Print all the records below exactly as they stand, but leave out the pictures.

**** THE INPUT

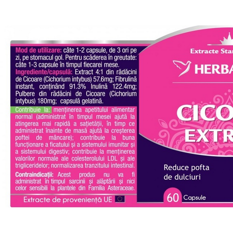 Ingrediente/Compoziție per 1 capsulă: Cicoare pulbere din rădăcini - 180 mg; Fibrulina instant, conținând 91.3% Inulina - 122.4 mg; Extract 4:1 din rădăcini de Cicoare - 57.6 mg; capsulă de gelatină.
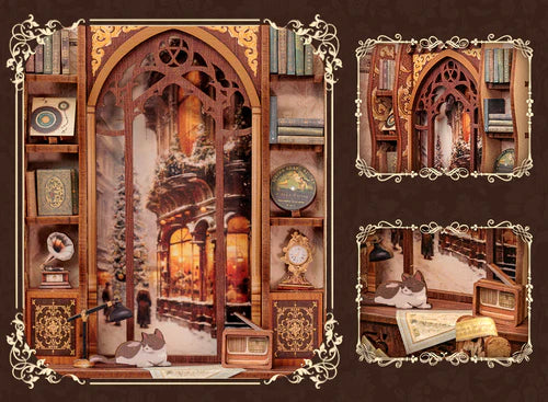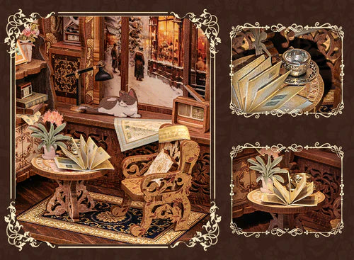 Escondida em uma esquina tranquila da cidade, esta livraria misteriosa parece comum do lado de fora, mas guarda um charme vintage por dentro. As estantes estão repletas de livros antigos e clássicos que escondem histórias fascinantes. Pela janela, um cenário nevado convida a sonhar. Talvez escritores tenham deixado aqui suas primeiras palavras, romances tenham nascido entre essas paredes ou leitores anônimos tenham encontrado conforto e inspiração. Neste espaço encantado, o tempo desacelera e se torna mais belo, trazendo paz e sensações únicas.
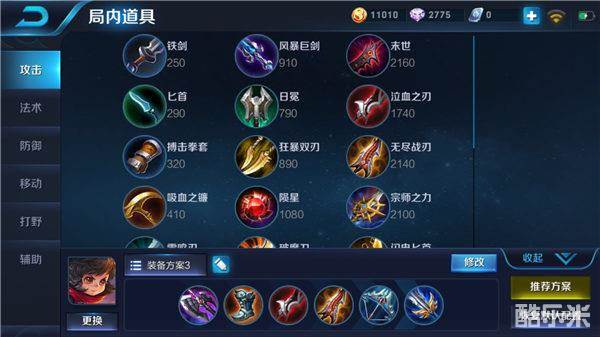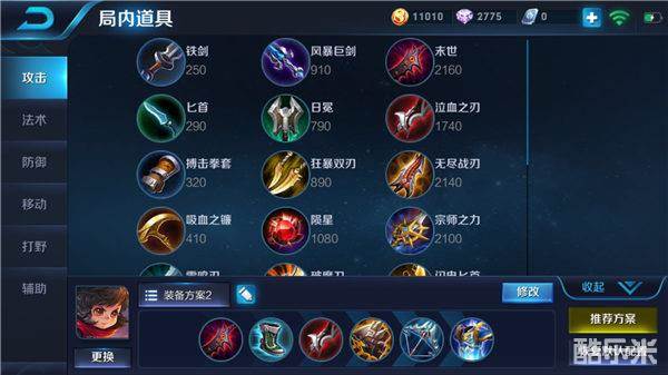 推荐出装二:暗影战斧+急速战靴+泣血之刃+无尽战刃+破甲弓+破军
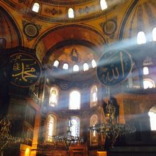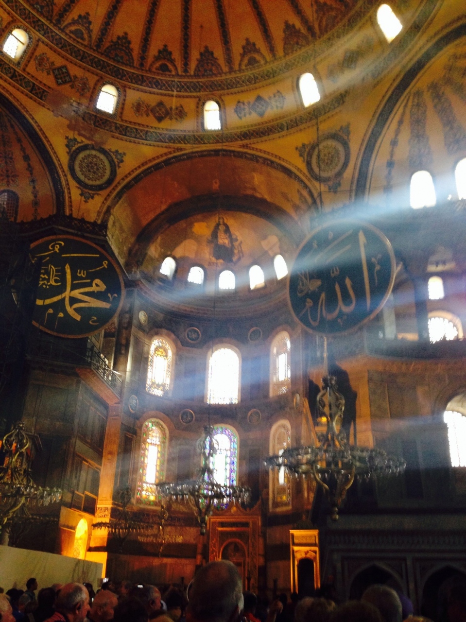 やっと入れたアヤソフィア内は一部修復中でしたが、神々しい光が天井の窓から注ぎ、光の線がたくさんあり、とても美しかったです。
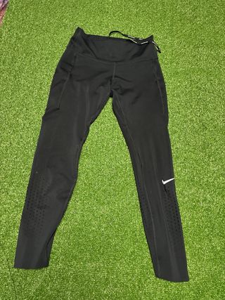 Mallas técnicas Nike Running de la gama Epic Luxe, diseñadas específicamente para correr o entrenamientos de alta intensidad. Son de color negro, con un ajuste compresivo y tejido Dri-FIT que capilariza el sudor. Características principales: • Ventilación Premium: Zonas con perforaciones cortadas a láser en la parte inferior de las piernas para mayor transpirabilidad. • Almacenamiento: Incluye bolsillo trasero con cremallera (ideal para el móvil o llaves) y bolsillos laterales abiertos de fácil acceso. • Ajuste: Cintura media-alta con cordón interior ajustable para que no se bajen al correr. • Visibilidad: Logo de Nike (Swoosh) refl
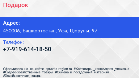 Подарок по адресу 450006, Башкортостан, Уфа, Цюрупы, 97 в дальнейшем Организация, размещена в следующих категориях:
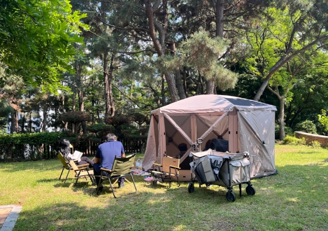 이 프로그램은 매주 토, 일요일 사전에 신청한 가족(1일 최대 6가족)을 대상으로 진행한다. 텐트, 야영(캠핑) 의자, 돗자리 등 야영 장비와 도서, 보드게임, 색칠 도구 등을 무료로 대여해 야외에서 즐기는 이색독서 체험 기회를 제공하고자 마련됐다.
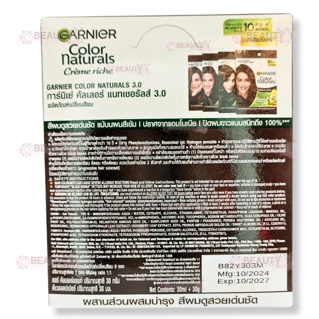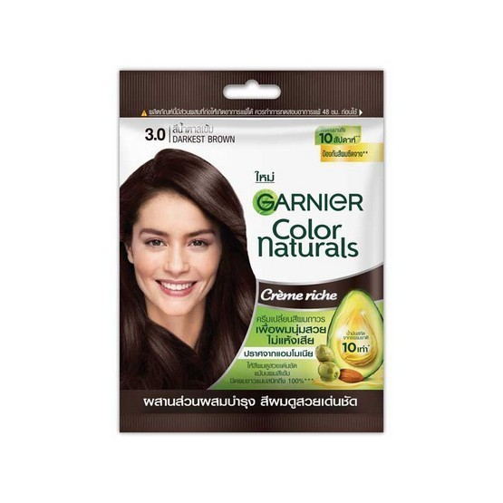 1 ซอง #3.0 น้ำตาลเข้ม Garnier การ์นิเย่ คัลเลอร์ เนเชอรัลส์ ซอง 60มล. แชมพูเปลี่ยนสีผม สีติดทนนาน ป้อง กันสีผมซีดจาง
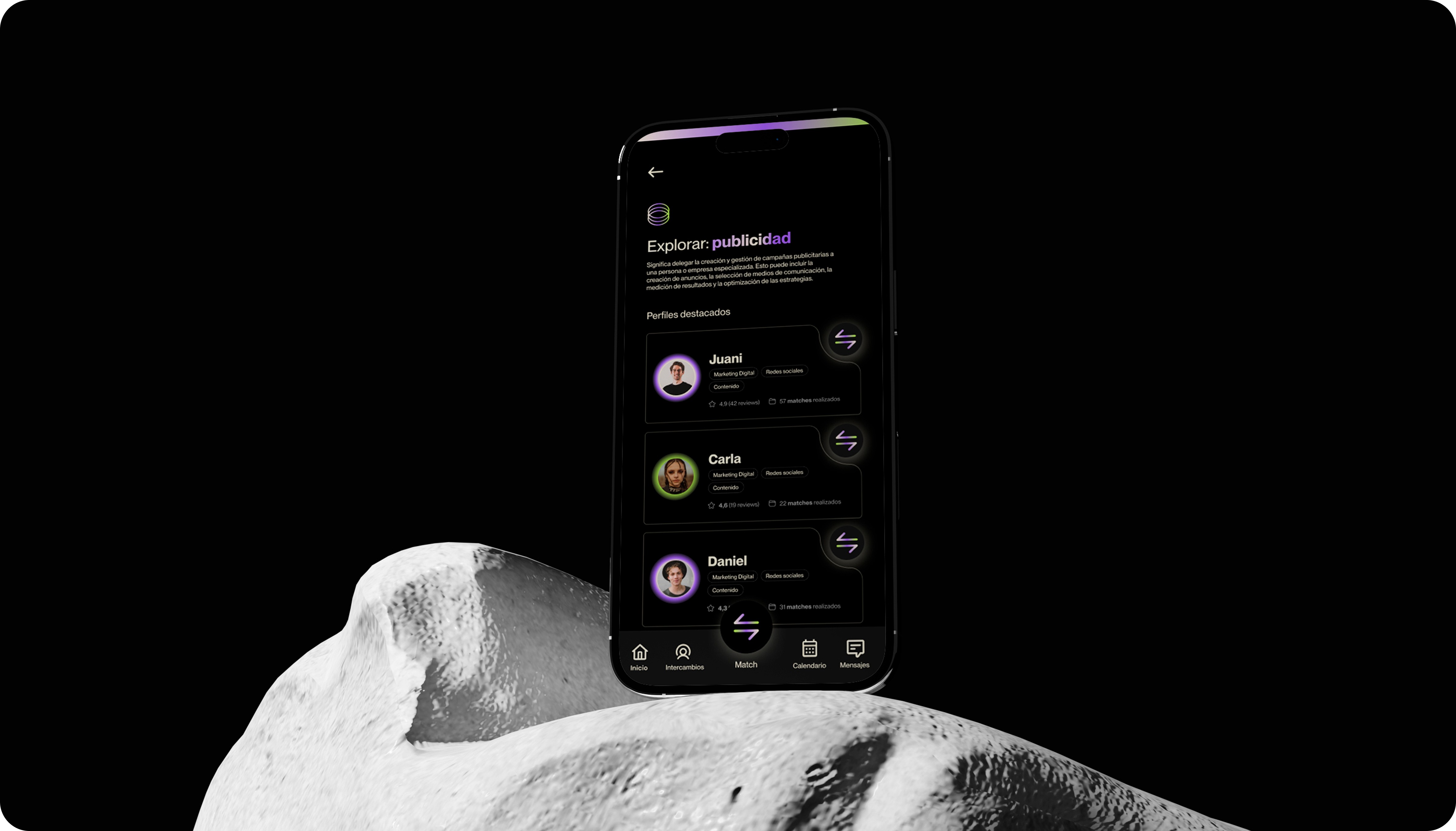 Además, desarrollé un sistema visual basado en componentes reutilizables, siguiendo principios de atomic design, y le di identidad a la interfaz con una estética que remite a la conexión, el intercambio y el crecimiento mutuo.
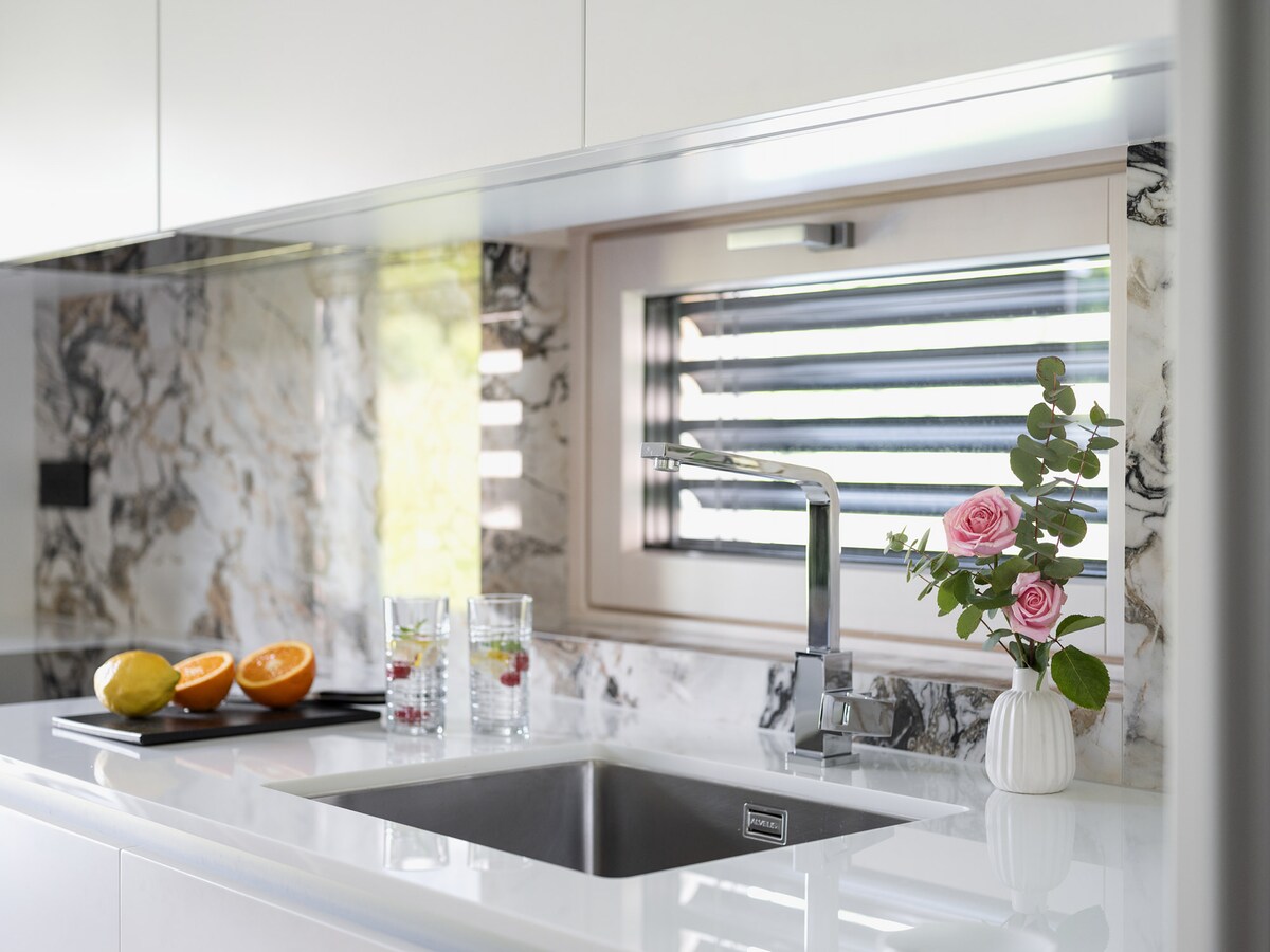 Modern 2022 tiny house in a quiet street, just a 5-min walk to Bovec center! 🏔️ ✨ Highlights: 🌿 35m² Covered Terrace: Transparent roof, built-in BBQ, outdoor sink & private garden. Perfect rain or shine! 🥩 🛏️ Sleeps 4: Cozy upstairs King bed (180x200) + brand-new, ultra-comfy sofa bed (160x200) downstairs. 🍳 Sleek Kitchen: Fully equipped (dishwasher, oven, microwave). 🚿 Spa Bathroom: Walk-in rain shower. A highly-rated, peaceful retreat for your Soča Valley adventure! 🦢
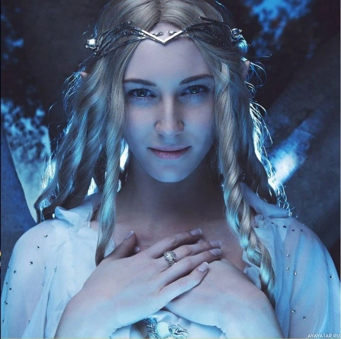 Lord of the Rings." She is dressed in an elven outfit and has long
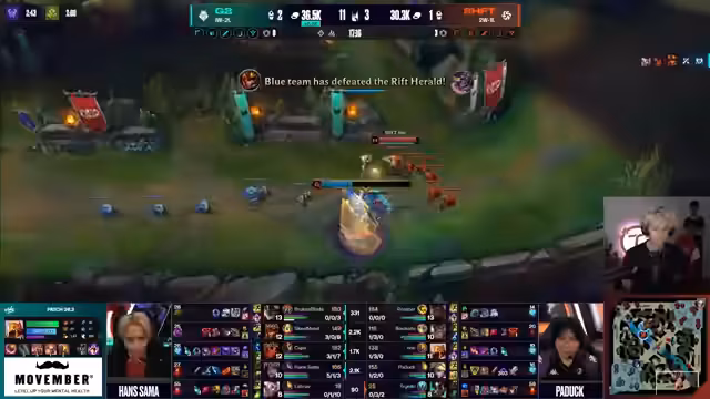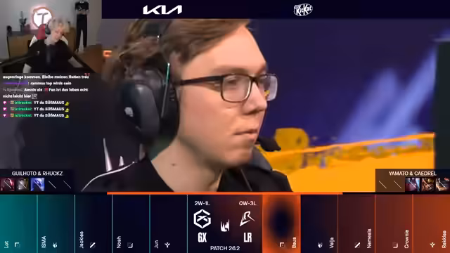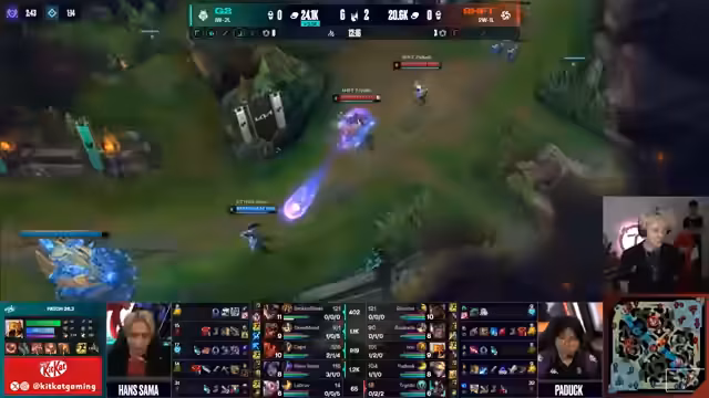 08:40:46Das beginnt mit einer ruhigen Lane-Phase, in der Hans Sama auf seinem Kai'Sa Druck aufbaut und ein angenehmes Match-up gegen Rakan darstellt. Broken Blade mit seinem Rumble erhält viel Prio und beginnt die Lane zu dominieren. Das erste größere Teamfight beginnt, als Shifters mit mehr Druck auf die Bot-Lane einsteigt. Caps verpasst einen Kill, was G2 in Schwierigkeiten bringt, während Shifters den Vorteil nutzen, um in die Dräken zu gehen und den ersten Draken für sich zu entscheiden.

********

ANSWER BELOW:
 Ingrediente/Compoziție per 1 capsulă: Cicoare pulbere din rădăcini - 180 mg; Fibrulina instant, conținând 91.3% Inulina - 122.4 mg; Extract 4:1 din rădăcini de Cicoare - 57.6 mg; capsulă de gelatină.
 Escondida em uma esquina tranquila da cidade, esta livraria misteriosa parece comum do lado de fora, mas guarda um charme vintage por dentro. As estantes estão repletas de livros antigos e clássicos que escondem histórias fascinantes. Pela janela, um cenário nevado convida a sonhar. Talvez escritores tenham deixado aqui suas primeiras palavras, romances tenham nascido entre essas paredes ou leitores anônimos tenham encontrado conforto e inspiração. Neste espaço encantado, o tempo desacelera e se torna mais belo, trazendo paz e sensações únicas.
 推荐出装二:暗影战斧+急速战靴+泣血之刃+无尽战刃+破甲弓+破军
 やっと入れたアヤソフィア内は一部修復中でしたが、神々しい光が天井の窓から注ぎ、光の線がたくさんあり、とても美しかったです。
 Mallas técnicas Nike Running de la gama Epic Luxe, diseñadas específicamente para correr o entrenamientos de alta intensidad. Son de color negro, con un ajuste compresivo y tejido Dri-FIT que capilariza el sudor. Características principales: • Ventilación Premium: Zonas con perforaciones cortadas a láser en la parte inferior de las piernas para mayor transpirabilidad. • Almacenamiento: Incluye bolsillo trasero con cremallera (ideal para el móvil o llaves) y bolsillos laterales abiertos de fácil acceso. • Ajuste: Cintura media-alta con cordón interior ajustable para que no se bajen al correr. • Visibilidad: Logo de Nike (Swoosh) refl
 Подарок по адресу 450006, Башкортостан, Уфа, Цюрупы, 97 в дальнейшем Организация, размещена в следующих категориях:
 이 프로그램은 매주 토, 일요일 사전에 신청한 가족(1일 최대 6가족)을 대상으로 진행한다. 텐트, 야영(캠핑) 의자, 돗자리 등 야영 장비와 도서, 보드게임, 색칠 도구 등을 무료로 대여해 야외에서 즐기는 이색독서 체험 기회를 제공하고자 마련됐다.
 1 ซอง #3.0 น้ำตาลเข้ม Garnier การ์นิเย่ คัลเลอร์ เนเชอรัลส์ ซอง 60มล. แชมพูเปลี่ยนสีผม สีติดทนนาน ป้อง กันสีผมซีดจาง
 Además, desarrollé un sistema visual basado en componentes reutilizables, siguiendo principios de atomic design, y le di identidad a la interfaz con una estética que remite a la conexión, el intercambio y el crecimiento mutuo.
 Modern 2022 tiny house in a quiet street, just a 5-min walk to Bovec center! 🏔️ ✨ Highlights: 🌿 35m² Covered Terrace: Transparent roof, built-in BBQ, outdoor sink & private garden. Perfect rain or shine! 🥩 🛏️ Sleeps 4: Cozy upstairs King bed (180x200) + brand-new, ultra-comfy sofa bed (160x200) downstairs. 🍳 Sleek Kitchen: Fully equipped (dishwasher, oven, microwave). 🚿 Spa Bathroom: Walk-in rain shower. A highly-rated, peaceful retreat for your Soča Valley adventure! 🦢
 Lord of the Rings." She is dressed in an elven outfit and has long
 08:40:46Das beginnt mit einer ruhigen Lane-Phase, in der Hans Sama auf seinem Kai'Sa Druck aufbaut und ein angenehmes Match-up gegen Rakan darstellt. Broken Blade mit seinem Rumble erhält viel Prio und beginnt die Lane zu dominieren. Das erste größere Teamfight beginnt, als Shifters mit mehr Druck auf die Bot-Lane einsteigt. Caps verpasst einen Kill, was G2 in Schwierigkeiten bringt, während Shifters den Vorteil nutzen, um in die Dräken zu gehen und den ersten Draken für sich zu entscheiden.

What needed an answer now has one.